The Process Behind Gambier
1. Plantation
Gambier seedlings can be done through seeds. So, we just have to choose the parent plant that is 10-13 years old and the clump height reaches 300 cm. In addition, the characteristics of plants that are suitable for seedlings are plants that have branches 300-500 cm long. And the characteristics of the pods are brownish black. After getting the gambier fruit according to the criteria above, the next step is to dry the fruit until the pods break. That way the seeds will come out by themselves. Cleaning the separate seeds from the fruit and then store them in a vacuum. Then prepare the land that has been mixed with manure as a nursery. Leave the seeds until 2-3 sprouts grow, then move the seeds to the actual planting area. Gambier seedlings can be planted at a distance of about 1.5 x 2 m or 2 x 2 m. By applying spacing that is in accordance with the recommendations of how to grow gambier will help minimize the failure rate and farming. Because the ideal spacing will certainly be good for plant growth.
2. Harvest
The leaves of the gambier plant are harvested after 2 years of age, harvesting using a special knife which is done by the kampo craftsmen and then brought to the press house using a kambuik (made of rattan) for further processing.
3. Boiling Process
The freshly picked leaves with their stalks are transferred into kambuik (made of rattan) covered with knits (coarse mesh) and compacted by trampling and then put into big stew pot (kancah), where the kancah is firstly filled with water and boiled. After boiling, tied it with a rope and remove it from the kancah then put it into the press machine.
4. Compression Process
The leaves that are already in the press are directly pressed with a jack to remove the sap and are accommodated in a tub under the press.

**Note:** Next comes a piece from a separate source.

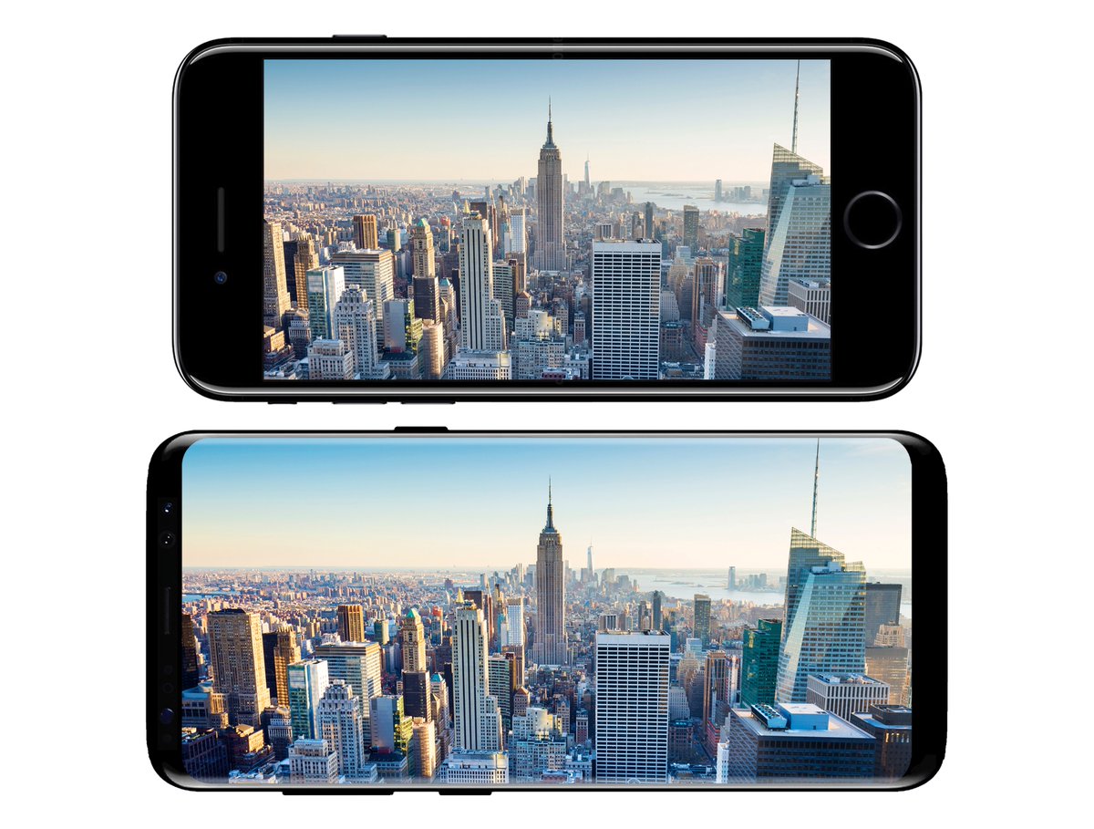 med att ta en titt på bilden där Galaxy S8 och S8+ ställs mot iPhone 7 och 7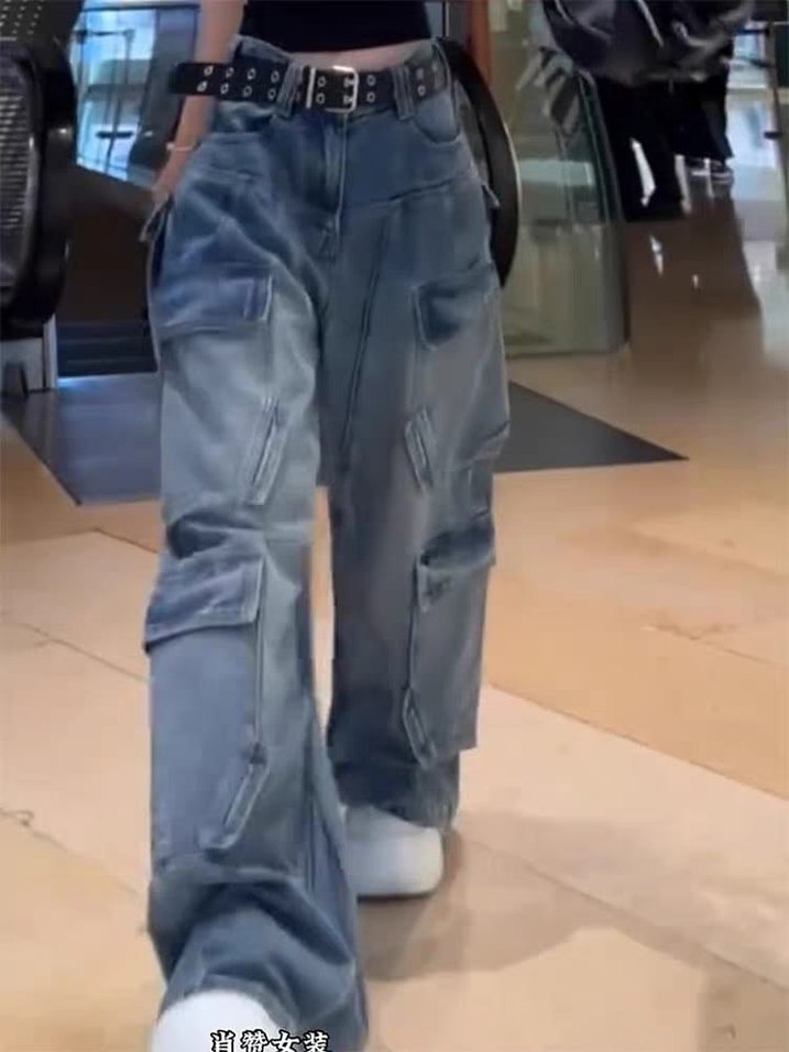 Gri bağcıklı bol kesim midi kot pantolon, bağcıklı ve tie-dye desenli, sokak stili ve grunge tarzı için cepli detaylara sahip. İthal üründür.

Furthermore, these leaves can still be boiled and pressed again until it fully dried.
5. Precipitation
After pressing the juice, the juice is immediately transferred to a long nail (piaku) or wooden container and the next day the gambier sap is taken and ready to be drained / filtered.
6. Draining
Draining is done by transferring the sap that has been deposited into tapie cloth / gunny sack / calico cloth which is tied tightly so that the water comes out into wooden blocks for the next day to be printed.
7. Molding and Drying
Molding is done with a special tool in the form of a small tube made of bamboo and arranged on top of a selayan (placemat made from bamboo) and can be dried directly in under the sunlight. When dried, Gambier will appear blackish red and light and ready to be sold.